Methylxanthines are molecular compounds which have therapeutic effects on chronic obstructive pulmonary disease, emphysema and chronic bronchitis, and have the effects of contracting bronchi, promoting airflow, relieving inflammation and relaxing airways, and studies have shown that methylxanthines also have antioxidant stress effects, e.g. caffeine is an effective scavenger of hydroxyl radicals and alkoxy groups, and can prevent cell damage by reducing lipid peroxidation, and its protective effects on alzheimer's disease and lens from photochemical damage by ROS have been demonstrated, while TA, which has a similar parent nucleus structure, therefore, has equivalent antioxidant stress effects, and for aldehyde safety, generally only α - β unsaturated aldehydes can form an adduct with DNA to produce toxic effects, e.g. 4-hydroxynonenal (4-HNE), but TA does not have the structural characteristics of the above-mentioned highly reactive aldehydes, therefore, TA has no toxicity associated with highly reactive aldehydes. The in vitro and in vivo anti-inflammatory effects of doxofylline have also been demonstrated. However, the prior art does not find that TA and xanthine aldehyde compounds thereof can generate the effect of resisting oxidative stress through aldehyde disproportionation reaction, and inflammatory injury of ROS excitation mechanism is almost an important process of all oxidative stress injuries regardless of the causes. The principle of the medicinal composition for treating oxidative stress organ injury such as acute ischemic myocardial infarction, myocardial ischemia-reperfusion injury, inflammatory diseases, asthma and the like caused by ROS is as follows: TA with aldehyde oxidase (ALDHs), NAD ⁺ The basic reaction is that xanthine aldehyde compounds (such as theophylline acetaldehyde and TA) are mainly subjected to neutralizationALDHs (e.g. ALDH1A1 and ALDH2) with NAD ⁺ Oxidative metabolism takes place to give the corresponding oxidation product (TAA). In this case, the xanthine aldehyde compound TA primarily acts as a hydrogen donor to transfer hydrogen to NAD ⁺ The above steps generate NADH, and further play an antioxidation role, which shows that the combination is an antioxidant stress medicine combination with great development potential.

Disclosure of Invention

The technical problem to be solved is as follows: in order to overcome the defects of the prior art, the invention develops a brand-new pharmaceutical composition with anti-oxidative stress effect which is completely different from the action mechanism of the prior xanthine drugs, and the composition can directly produce the anti-oxidant reduced Nicotinamide Adenine Dinucleotide (NADH); the antioxidant has effects of resisting asthma, resisting oxidation and relieving stress in vivo and in vitro models, and can be used for treating various related diseases, such as endogenous and exogenous asthma, bronchial asthma, airway epithelial injury and inflammatory asthma subtype with increased inflammatory factor, or diseases with high oxidative stress state, such as acute ischemic myocardial infarction, myocardial ischemia reperfusion injury, etc. Meanwhile, the formula of the composition is simplified, the side effect and the toxicity of the composition are reduced, and the drug effect of the composition is improved; in view of this, the invention provides a pharmaceutical composition containing TA or hydrate thereof, and a preparation method and application thereof.

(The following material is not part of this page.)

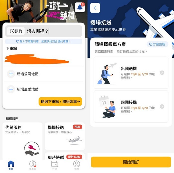 再點選是要出國叫車還是回國接機
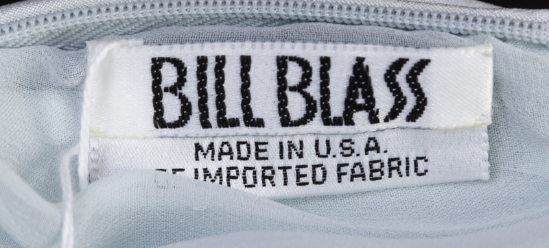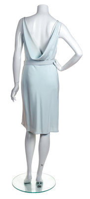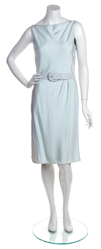 with a right side split hem, a draped low back , a side zip closure and a detachable matching belt.Labeled: Bill Blass.

The technical scheme is as follows: a pharmaceutical composition containing Theophylline Acetaldehyde (TA) or hydrate thereof comprises TA or hydrate thereof and Nicotinamide Adenine Dinucleotide (NAD) in a molar mass ratio of (1-2) to (0.5-1) to (2-5) ⁺ ) And aldehyde dehydrogenases (ALDHs);

wherein, the structural formula of the theophylline acetaldehyde is as follows:

the structural formula of the theophylline acetaldehyde hydrate is as follows:

the ALDHs are ALDH1A1 or ALDH 2.

The preparation method of the pharmaceutical composition containing TA or hydrate thereof adopts bromo-acetaldehyde dimethyl acetal to attack imidazole ring of theophylline electrophilically, and then obtains TA and hydrate thereof after demethylation by potassium bisulfate, and comprises the following specific steps:

synthesis of S1 and 7- (2, 2-dimethoxyethyl) -1, 3-dimethyl-3, 7-dihydro-1H-purine-2, 6-dione

Theophylline (TP) is used as a reaction substrate, the molar ratio of TP to bromoacetaldehyde dimethyl acetal is 1: 1-5, and the preferable ratio is 1: 1.3-1.6, wherein the molar ratio of TP to potassium carbonate is 1: 1-10, and the ratio is preferably 1: 2-3, wherein the molar ratio of TP to potassium iodide is 1: 0.1-3, preferably 1: 0.5-1, wherein the molar ratio of TP to triethylamine is 1: 1-6, preferably 1: 2-2.5, wherein the volume ratio of the mass of theophylline to N, N-Dimethylformamide (DMF) is 1 g: 3-30 mL, preferably 1 g: (8-10) mL, performing oil bath reaction, performing rotary evaporation to remove DMF, adding water and Dichloromethane (DCM) for extraction, washing, drying overnight, performing suction filtration, evaporating to obtain a brown solid, dispersing in diethyl ether, pulping, and performing suction filtration to obtain an off-white solid;

synthesis of S2 and (2, 2-dihydroxyethyl) -1, 3-dimethyl-3, 7-dihydro-1H-purine-2, 6-dione

Adding potassium bisulfate, acetone and water into the S1 product. The molar ratio of the S1 product to potassium bisulfate is 1: 2-15, preferably 1: 7-10, wherein the volume ratio of the mass of the S1 product to acetone is 1 g: 8-35 mL, preferably 1 g: (15-20) mL, wherein the mass-to-water volume ratio of the S1 product is 1 g: 5-50 mL, preferably 1 g: (7.5-10) mL, performing oil bath reaction, cooling, performing suction filtration, evaporating filtrate, and recrystallizing water to obtain a white solid;

s3, mixing TA or hydrate thereof, NAD + and ALDHs according to the molar mass ratio of (1-2) to (0.5-1) to (2-5) to prepare the pharmaceutical composition containing TA or hydrate thereof.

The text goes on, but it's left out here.